Required work:
Without adding anything, give again the lines from the one holding "23、2020年厦大天文系070400天文学少了数值模拟天体物理研究方向" through the final line of the records, exactly, with both ends included and pictures dropped.

Start of Dataset entries

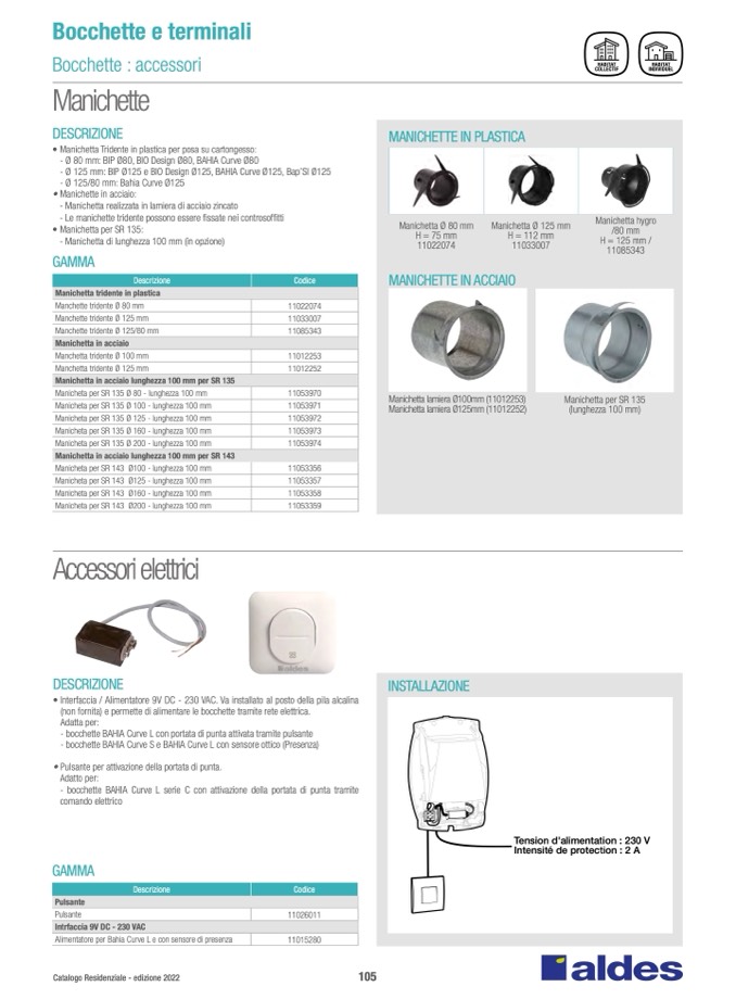 - Ø 125 mm: BIP Ø125 e BIO Design Ø125, BAHIA Curve Ø125, Bap’SI Ø125
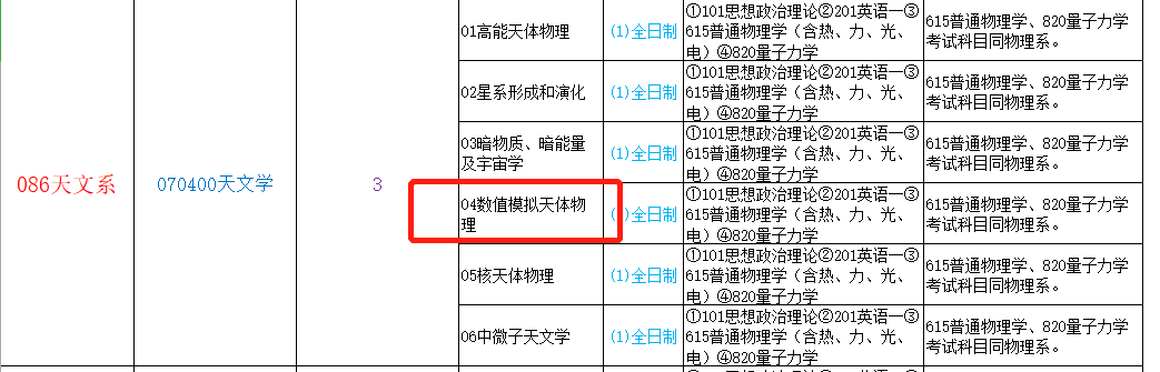 23、2020年厦大天文系070400天文学少了数值模拟天体物理研究方向
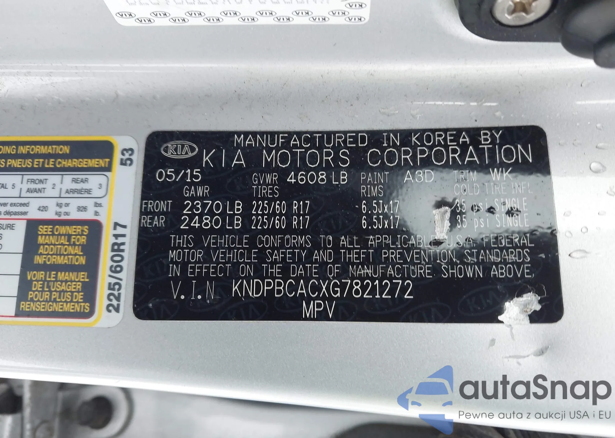 • VIN KNDPBCACXG7821272
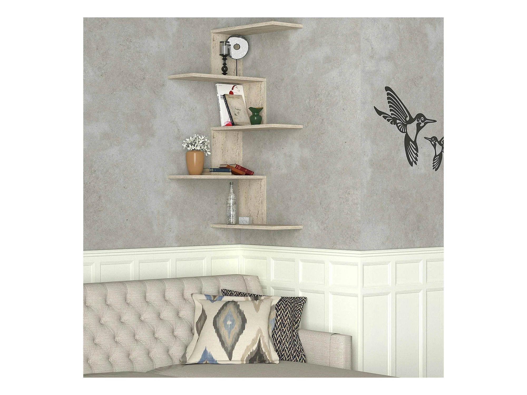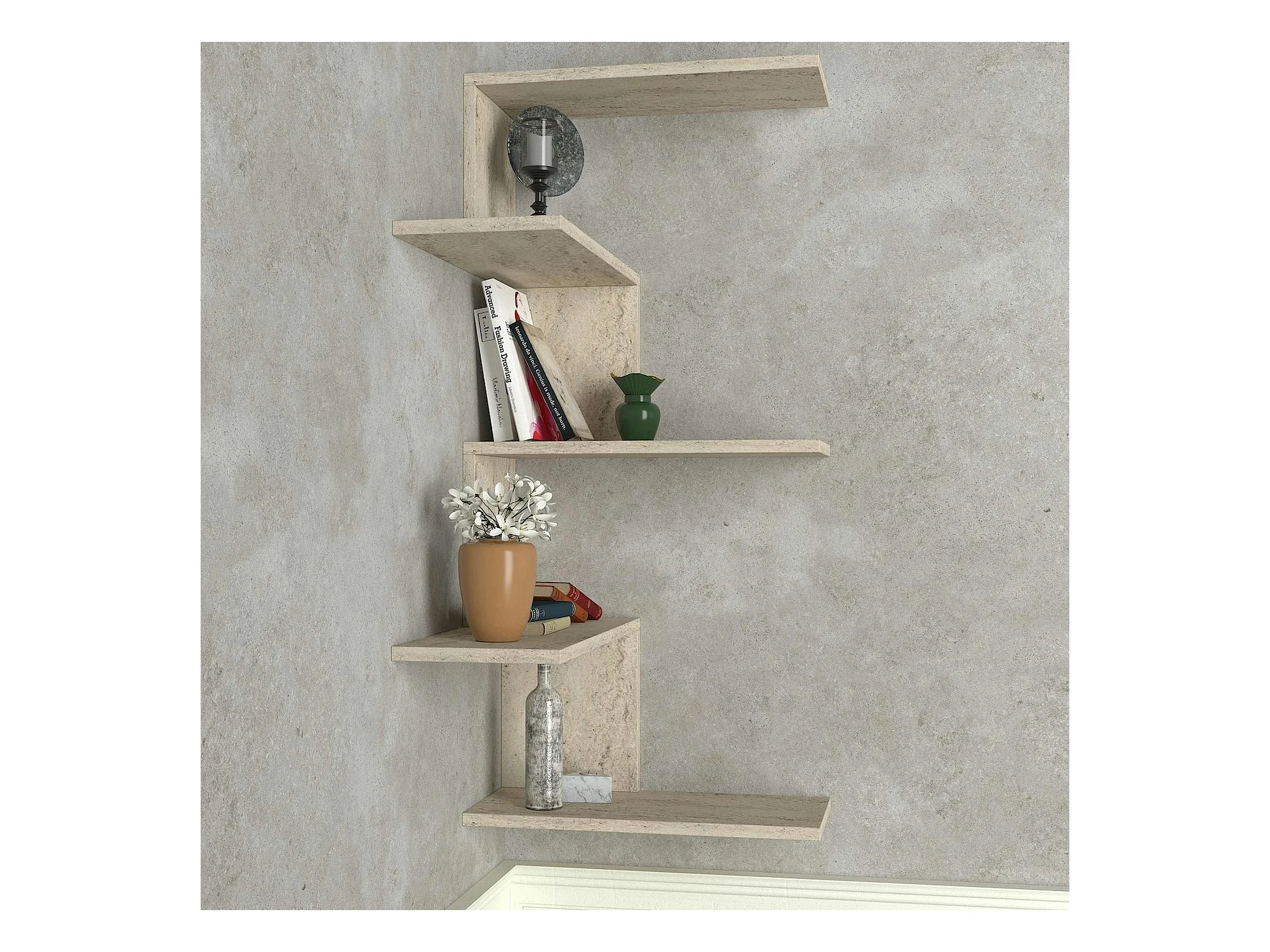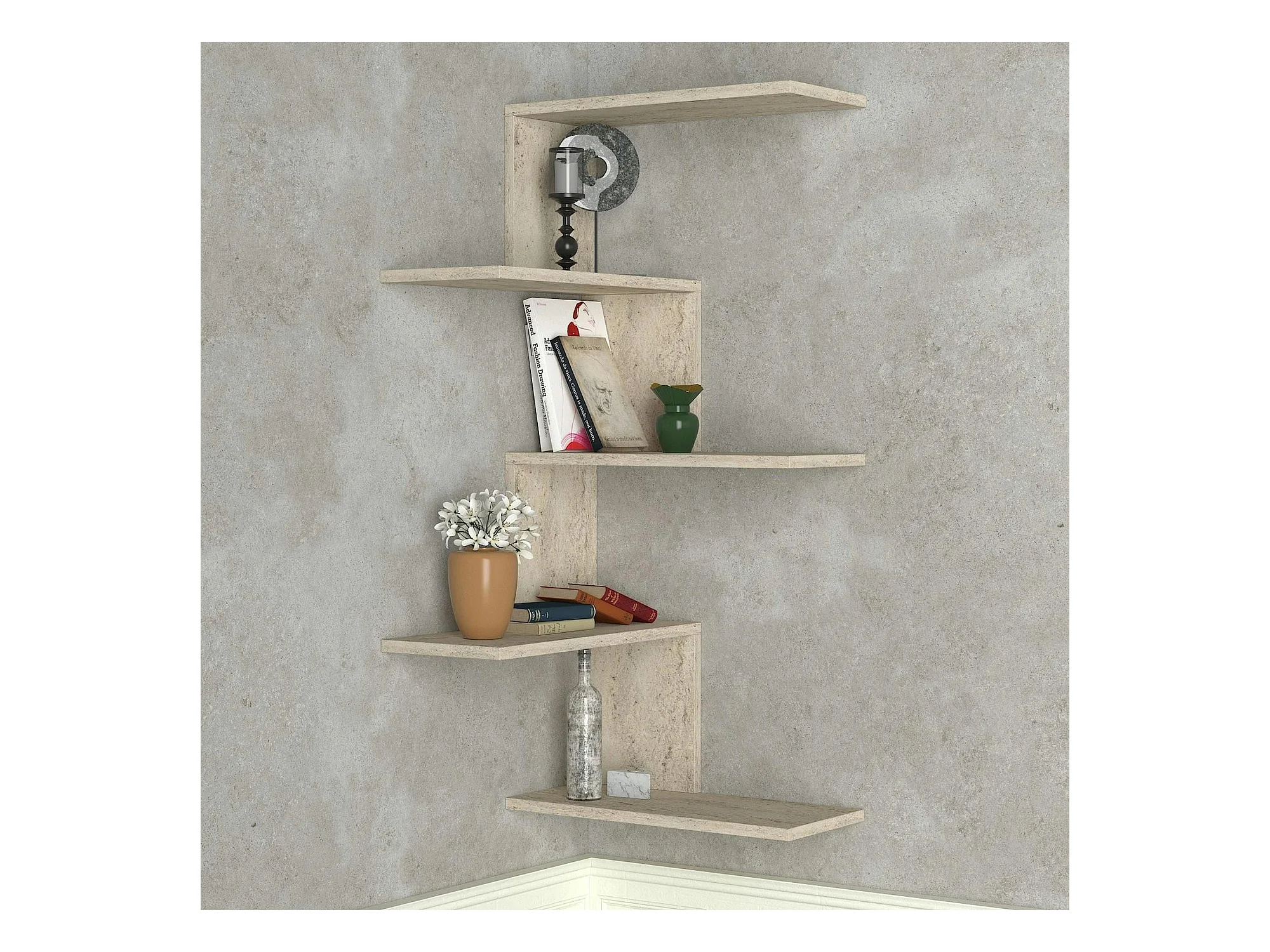Etagère murale d'angle effet bois clair - 2 niches JENA
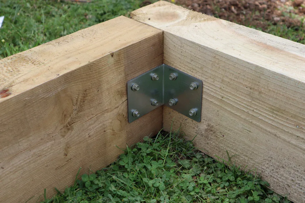 Sleeper Angle Bracket for use on raised beds, pathway edges, retaining walls and other wooden sleepers.

End of Dataset entries

Written answer:
 23、2020年厦大天文系070400天文学少了数值模拟天体物理研究方向
 • VIN KNDPBCACXG7821272
Etagère murale d'angle effet bois clair - 2 niches JENA
 Sleeper Angle Bracket for use on raised beds, pathway edges, retaining walls and other wooden sleepers.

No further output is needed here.